Big data is a buzzword and a "vague term", but at the same time an "obsession" with entrepreneurs, consultants, scientists, and the media. Big data showcases such as Google Flu Trends failed to deliver good predictions in recent years, overstating the flu outbreaks by a factor of two. Similarly, Academy awards and election predictions solely based on Twitter were more often off than on target.
Big data often poses the same challenges as small data; adding more data does not solve problems of bias, but may emphasize other problems. In particular data sources such as Twitter are not representative of the overall population, and results drawn from such sources may then lead to wrong conclusions. Google Translate—which is based on big data statistical analysis of text—does a good job at translating web pages. However, results from specialized domains may be dramatically skewed.

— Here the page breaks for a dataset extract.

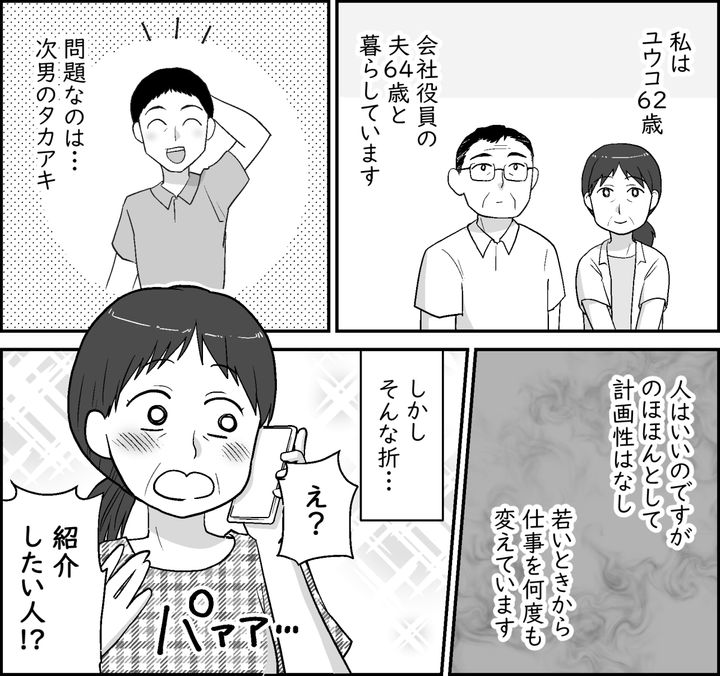 私はユウコ(62歳)。会社役員の夫(64歳)と2人暮らしをしています。私は仕事で多忙な夫を支え、専業主婦として息子2人を育てあげました。今や長男(41歳)は名の知れた企業に勤め、結婚して子どももいます。しかし問題なのは……次男のタカアキ(39歳)。若いときから海外を放浪したり、仕事を何度も変えたりしていました。明るい性格なのですが、フラフラしがちでなにかと心配。最近は新しい会社で頑張っていると聞いていたのですが……。

On the other hand, big data may also introduce new problems, such as the multiple comparisons problem: simultaneously testing a large set of hypotheses is likely to produce many false results that mistakenly appear significant.

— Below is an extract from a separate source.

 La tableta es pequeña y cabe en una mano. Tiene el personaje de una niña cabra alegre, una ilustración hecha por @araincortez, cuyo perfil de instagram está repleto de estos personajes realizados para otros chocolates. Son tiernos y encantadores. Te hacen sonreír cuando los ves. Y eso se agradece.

Ioannidis argued that "most published research findings are false" due to essentially the same effect: when many scientific teams and researchers each perform many experiments (i.e. process a big amount of scientific data; although not with big data technology), the likelihood of a "significant" result being false grows fast – even more so, when only positive results are published.
Furthermore, big data analytics results are only as good as the model on which they are predicated. In an example, big data took part in attempting to predict the results of the 2016 U.S. Presidential Election with varying degrees of success.
大数据是一个时髦词汇和“模糊词汇”,但同时也是企业家、咨询师、科学家和媒体的“迷恋”。像谷歌流感趋势这样的大数据展示在最近几年未能提供好的预测,将流感爆发夸大了两倍。同样,仅仅基于推特的奥斯卡奖和选举预测往往不准确。大数据往往会带来与小数据相同的挑战; 增加更多的数据并不能解决偏差问题,但可能会强调其他问题。特别是像推特这样的数据来源并不能代表整个人口,从这些来源得出的结果可能会导致错误的结论。基于大数据文本统计分析的谷歌翻译(Google translate)在网页翻译方面做得很好。然而,来自专门领域的结果可能被严重扭曲。另一方面,大数据也可能引入新的问题,比如多重比较问题: 同时测试大量假设可能会产生许多错误的结果,错误地显得意义重大。约阿尼迪斯认为,“大多数已发表的研究结果都是错误的”,其原因基本上是相同的: 当许多科学团队和研究人员各自进行许多实验(即。处理大量的科学数据,尽管不是使用大数据技术) ,“显著”结果是错误的可能性快速增长——当只有正面的结果被公布时,这种可能性更大。此外,大数据分析的结果只能和它们所预测的模型一样好。举个例子,大数据试图预测2016年美国总统大选的结果,但却取得了不同程度的成功。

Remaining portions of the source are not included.